Christmas is the time of year when all the charities go into overdrive. It is the season of goodwill when people are more inclined to respond favourably to pleas for donations for good causes. The first Christmas catalogues plopped through my letterbox way back in August. I buy most of my Christmas presents from them, as well as all my cards.
So Christmas is a time of joy, of goodwill, of charitable thoughts and deeds. God's in his heaven; all's right with the world. Or is it? No, of course it's not. Many people I know are the lucky ones - we all have family and friends who love and care for us, with whom we can share the joys of the season. But not everyone is so fortunate. Christmas has a darker, largely unacknowledged side. Unaccustomed proximity can lead to bitter family arguments and breakdowns in relationships. And there are also so many lonely people who simply don't have anyone to share Christmas with, and who wouldn't feel like celebrating even if they did. For such people, the contrast between their lives and the Christmas projected through the media can exacerbate feelings of isolation, panic, stress and depression. For them, Christmas is a season to be got through somehow, not a time of joy and sharing. And even people who are spending time with friends or family may feel pressured to appear happy and to hide their true feelings or problems so as not to spoil the party atmosphere.

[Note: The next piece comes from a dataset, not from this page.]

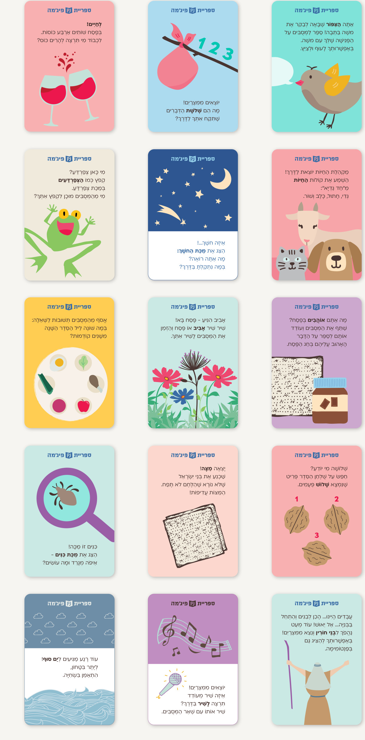 בימי הסגר הראשון של קורונה, כשנודע שכולנו נקיים את ליל הסדר במסגרות מצומצמות, ״ספריית פיג'מה״ פנו אליי עם אתגר מיוחד: לעצב משחק קלפים שיהיה זמין להדפסה ביתית לכל משפחה בישראל ויהפוך את ליל הסדר למהנה ומשמעותי.

There is one particular charity, not as high profile as many, which exists to help such people. Its mission is (and I quote) "to provide confidential emotional support for people who are experiencing feelings of distress or despair, including those who may lead to suicide." It is the Samaritans.
Most of us will be familiar with the story of the Good Samaritan, as told by Jesus in the Gospel of Luke. A man lay wounded and dying by the roadside. The priest and the Levite passed by on the other side of the road, not wanting to get involved. But the Samaritan was different. Although he was a stranger in those parts, he did not hesitate. He went across to the man, gave him water and bound up his wounds. Then he put him onto his own donkey and took him to the nearest inn, and left money for his care. When Jesus told that story, he asked which man had been the wounded man's neighbour, and was told "He that showed mercy on him."
The Samaritans was founded in November 1953, by an Anglican priest named Chad Varah. Eighteen years before, his first act as a young minister had been to bury a 14-year old girl who had killed herself when her periods started, because she thought she had some dreadful disease. Varah never forgot this girl and, in his own words, seized "every opportunity to teach young people about sex, and finding that it led youngsters to join my youth clubs and young couples to come for marriage preparation, and couples drifting apart to seek marriage guidance before it was invented." He was labelled a dirty old man for his troubles, but carried on with his work regardless. People got in touch with him to talk through their problems, and he was delighted to help.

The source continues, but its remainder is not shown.